- EXTRACTED RECORDS:
================
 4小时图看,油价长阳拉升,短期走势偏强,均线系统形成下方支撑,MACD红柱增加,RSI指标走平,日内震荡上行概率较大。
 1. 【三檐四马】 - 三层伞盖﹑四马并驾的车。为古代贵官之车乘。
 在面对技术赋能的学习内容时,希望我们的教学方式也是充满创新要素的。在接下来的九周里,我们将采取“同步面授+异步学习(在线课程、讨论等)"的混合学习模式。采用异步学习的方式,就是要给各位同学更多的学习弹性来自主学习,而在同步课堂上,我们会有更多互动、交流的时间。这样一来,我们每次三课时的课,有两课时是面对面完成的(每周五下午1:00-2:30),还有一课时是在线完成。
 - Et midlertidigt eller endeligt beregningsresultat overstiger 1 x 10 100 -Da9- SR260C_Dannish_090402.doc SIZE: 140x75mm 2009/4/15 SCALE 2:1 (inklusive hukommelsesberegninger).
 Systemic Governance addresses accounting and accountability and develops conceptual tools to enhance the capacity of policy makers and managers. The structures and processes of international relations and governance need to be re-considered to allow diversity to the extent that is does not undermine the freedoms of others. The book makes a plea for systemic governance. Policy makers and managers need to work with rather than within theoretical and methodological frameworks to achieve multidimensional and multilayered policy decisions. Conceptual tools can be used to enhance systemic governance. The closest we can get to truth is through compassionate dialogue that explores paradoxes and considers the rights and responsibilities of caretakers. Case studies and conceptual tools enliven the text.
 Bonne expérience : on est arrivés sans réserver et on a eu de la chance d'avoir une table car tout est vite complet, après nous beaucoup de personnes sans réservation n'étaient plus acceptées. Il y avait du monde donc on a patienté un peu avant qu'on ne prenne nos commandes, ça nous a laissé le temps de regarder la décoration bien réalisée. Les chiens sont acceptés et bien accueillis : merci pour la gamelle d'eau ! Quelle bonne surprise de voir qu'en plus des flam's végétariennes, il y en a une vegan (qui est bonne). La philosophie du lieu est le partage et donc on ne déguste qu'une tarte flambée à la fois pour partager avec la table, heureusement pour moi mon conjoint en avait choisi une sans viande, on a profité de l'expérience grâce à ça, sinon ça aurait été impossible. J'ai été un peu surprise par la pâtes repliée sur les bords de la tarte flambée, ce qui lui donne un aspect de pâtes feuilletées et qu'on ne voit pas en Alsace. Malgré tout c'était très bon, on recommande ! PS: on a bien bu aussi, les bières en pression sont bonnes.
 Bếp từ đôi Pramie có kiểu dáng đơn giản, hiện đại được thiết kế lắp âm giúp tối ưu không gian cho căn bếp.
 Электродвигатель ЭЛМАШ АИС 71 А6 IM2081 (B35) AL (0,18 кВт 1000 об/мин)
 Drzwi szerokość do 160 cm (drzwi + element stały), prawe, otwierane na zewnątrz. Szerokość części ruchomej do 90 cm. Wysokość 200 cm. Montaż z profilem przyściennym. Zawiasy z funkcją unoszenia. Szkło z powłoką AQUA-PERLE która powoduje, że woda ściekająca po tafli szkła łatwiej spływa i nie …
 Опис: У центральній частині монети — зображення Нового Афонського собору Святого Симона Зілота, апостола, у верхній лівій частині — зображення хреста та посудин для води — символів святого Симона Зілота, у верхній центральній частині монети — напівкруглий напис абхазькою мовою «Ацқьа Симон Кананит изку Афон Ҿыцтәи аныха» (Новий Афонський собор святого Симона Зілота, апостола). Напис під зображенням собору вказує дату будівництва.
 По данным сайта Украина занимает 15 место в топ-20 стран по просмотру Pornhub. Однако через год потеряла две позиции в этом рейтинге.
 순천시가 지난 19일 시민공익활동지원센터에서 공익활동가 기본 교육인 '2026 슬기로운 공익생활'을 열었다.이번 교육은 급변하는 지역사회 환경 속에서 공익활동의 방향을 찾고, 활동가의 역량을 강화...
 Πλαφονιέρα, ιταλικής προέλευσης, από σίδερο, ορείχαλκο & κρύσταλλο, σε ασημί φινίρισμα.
================
- WHAT TO WORK ON:
What is needed is an exact retyping of every line from the one containing "Bếp từ đôi Pramie" through the final line of the entries, and only those lines.

- THE COMPLETED TASK:
 Bếp từ đôi Pramie có kiểu dáng đơn giản, hiện đại được thiết kế lắp âm giúp tối ưu không gian cho căn bếp.
 Электродвигатель ЭЛМАШ АИС 71 А6 IM2081 (B35) AL (0,18 кВт 1000 об/мин)
 Drzwi szerokość do 160 cm (drzwi + element stały), prawe, otwierane na zewnątrz. Szerokość części ruchomej do 90 cm. Wysokość 200 cm. Montaż z profilem przyściennym. Zawiasy z funkcją unoszenia. Szkło z powłoką AQUA-PERLE która powoduje, że woda ściekająca po tafli szkła łatwiej spływa i nie …
 Опис: У центральній частині монети — зображення Нового Афонського собору Святого Симона Зілота, апостола, у верхній лівій частині — зображення хреста та посудин для води — символів святого Симона Зілота, у верхній центральній частині монети — напівкруглий напис абхазькою мовою «Ацқьа Симон Кананит изку Афон Ҿыцтәи аныха» (Новий Афонський собор святого Симона Зілота, апостола). Напис під зображенням собору вказує дату будівництва.
 По данным сайта Украина занимает 15 место в топ-20 стран по просмотру Pornhub. Однако через год потеряла две позиции в этом рейтинге.
 순천시가 지난 19일 시민공익활동지원센터에서 공익활동가 기본 교육인 '2026 슬기로운 공익생활'을 열었다.이번 교육은 급변하는 지역사회 환경 속에서 공익활동의 방향을 찾고, 활동가의 역량을 강화...
 Πλαφονιέρα, ιταλικής προέλευσης, από σίδερο, ορείχαλκο & κρύσταλλο, σε ασημί φινίρισμα.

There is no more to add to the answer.